Cesarini: „Die Überschrei­bungen machen Euch zu einem reichen Mann. Ihr besitzt jetzt so viele Pfründe wie ein Kardinal der Kurie“.

Dann steht Cesarini auf und begibt sich zu einer Vitrine. Er holt jene Flasche Wein hervor, die ihm Cusanus in Basel geschenkt hat (siehe Szene 3). Der Zuschauer soll die Flasche an ihrer Form oder am Etikett sofort wiedererkennen.

Bevor Cesarini die Flasche öffnet und einschenkt, fragt er Cusa­nus, ob er die Flasche wiedererkenne.

Cusanus bemerkt, er habe damals, in Basel den Eindruck gehabt, dass Cesarini das Geschenk überhaupt nicht wahrgenommen beziehungsweise die Flasche nach dem Ende der Audienz habe weg­räumen lassen.

Cesarini: „Die Kirche Gottes sieht alles, behält alles und vergisst nichts“.

Sie heben die Becher, während Cesarini sagt: "Auf den roten Hut, den Ihr bald tragen werdet!"

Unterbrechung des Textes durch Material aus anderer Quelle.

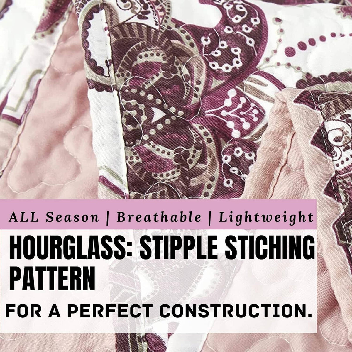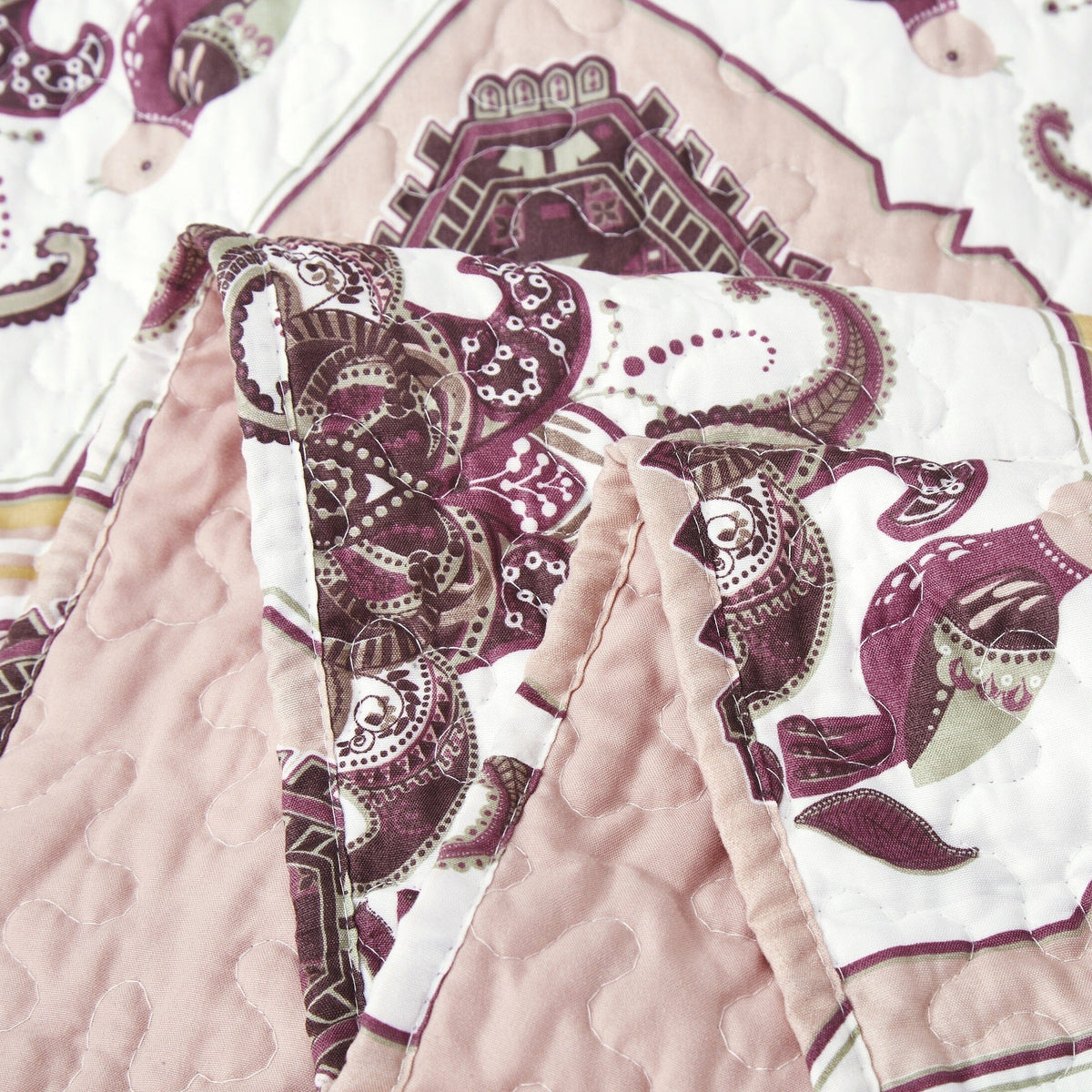 Accented with Elegant mustard, dusty rose pink, burgundy purple shades to bring to your bedroom. A lightweight, durable premium microfiber bedspread coverlet set. On the back side rocks a soothing dusty rose.

Danach wird die lockere Atmosphäre wieder kühler. Cesarini erklärt Niko­laus die politische Lage. Das Baseler Konzil, das  immer noch tage, habe einen Gegenpapst gewählt, der sich Amadeus VIII nenne. Das Problem sei, dass sich die deutschen Fürsten unter ihrem neuen Konig Friedrich III so­wohl gegenüber Papst Eugen als auch gegenüber dem sogenannten Amadeus neutral verhielten. Papst Eugen, das wisse Nikolaus, sei jedoch auf die Unterstützung der deutschen Fürsten angewiesen - nicht zuletzt wegen der vielen Pfründen, die sich in deutscher Hand befänden. Aber ebenso wichtig sei: Ohne die Hilfe der Deutschen könne Papst Eugen dem byzantinischen Kaiser keine wirksame Hilfe für den Kampf gegen die Türken versprechen. Aus diesem Grunde werde Cusanus sich einer päpstlichen Delegation anschließen, um auf den Reichsfürstentagen die Deutschen aus ihrer Neutralität zu locken und auf Seiten des Papstes zu ziehen.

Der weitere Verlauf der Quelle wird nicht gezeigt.